Soroti Konten Pejabat yang Minim Klarifikasi
Asrorun menyoroti maraknya konten digital dari pejabat publik yang kerap mengabaikan prinsip tabayyun. Ia menilai konten yang dibuat tergesa-gesa demi popularitas sering memicu misinformasi dan berkembang menjadi disinformasi.
Ia mencontohkan inspeksi mendadak Gubernur Jawa Barat, Dedi Mulyadi, ke salah satu perusahaan air minum dalam kemasan di Subang yang dipublikasikan secara terbuka di media sosial. Menurutnya, aksi itu dilakukan tanpa klarifikasi terlebih dahulu sehingga memunculkan kesimpulan keliru di masyarakat.
“Ini yang saya sebut dhala fa dhala—sesat dan menyesatkan. Publik tidak diberi konteks utuh, tidak diberi data yang benar, tapi langsung digiring pada satu kesimpulan tertentu,” tegasnya.

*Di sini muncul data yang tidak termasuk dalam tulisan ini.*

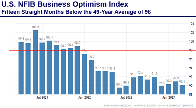 The National Federation of Independent Business' ("NFIB") latest release of its Small Business Optimism Index paints a shocking picture of just how tough conditions are becoming on Main Street. That index marked 15 consecutive months of declines with readings well below its 49-year average of 98 (chart above).

Asrorun menambahkan, klarifikasi yang muncul kemudian tidak serta-merta menghapus dampak sosial yang terlanjur terjadi. “Narasi yang terbentuk sulit ditarik kembali. Pelaku publikasi harus memahami bahwa tanggung jawab moralnya jauh lebih besar daripada sekadar membuat konten,” katanya.
Selaras dengan Fatwa MUI Tentang Bermuamalah di Medsos
Ia menegaskan, tindakan kurang hati-hati dalam bermedia sosial bertentangan dengan Fatwa MUI Nomor 24 Tahun 2017 tentang Hukum dan Pedoman Bermuamalah di Media Sosial. Fatwa tersebut melarang penyebaran hoaks, gibah, fitnah, ujaran kebencian, serta konten tanpa dasar kebenaran.
“Ruang digital harus mengangkat sisi baik manusia dan melipatgandakan manfaat, bukan memperluas mudarat,” ujarnya.
Komdigi: Moralitas Jadi Kunci di Ruang Digital
Pada kesempatan yang sama, Dirjen Komunikasi Publik dan Media Kementerian Komunikasi Publik dan Media Kementerian Komunikasi Digital (Komdigi) RI, Fifi Aleyda Yahya, menegaskan bahwa literasi digital kini tak cukup hanya kemampuan teknis. Ia menekankan pentingnya moralitas dalam menggunakan media sosial.
“Ruang digital itu ruang sosial. Yang kita bicarakan bukan hanya soal unggahan, tetapi soal menjaga kualitas demokrasi, dialog, dan kemanusiaan,” katanya.
Fifi mengingatkan agar masyarakat, khususnya kalangan muda dan pejabat publik, tidak tergesa-gesa membuat atau membagikan konten. “Setiap unggahan ada konsekuensinya, baik sosial maupun hukum. Jempol kita bisa menjadi alat kebaikan atau sumber kerusakan,” ujarnya.
Menurutnya, pembangunan ruang digital yang sehat membutuhkan kerja bersama antara pemerintah, platform, dan pengguna. “Tanpa tanggung jawab dari pengguna, apa pun aturannya akan sulit diterapkan,” tambahnya.
Diskusi publik tersebut dihadiri oleh akademisi, mahasiswa, peneliti kebijakan digital, dan praktisi komunikasi. Penyelenggara berharap kegiatan itu dapat menjadi momentum untuk menghidupkan kembali prinsip-prinsip etis dalam bermedia sosial.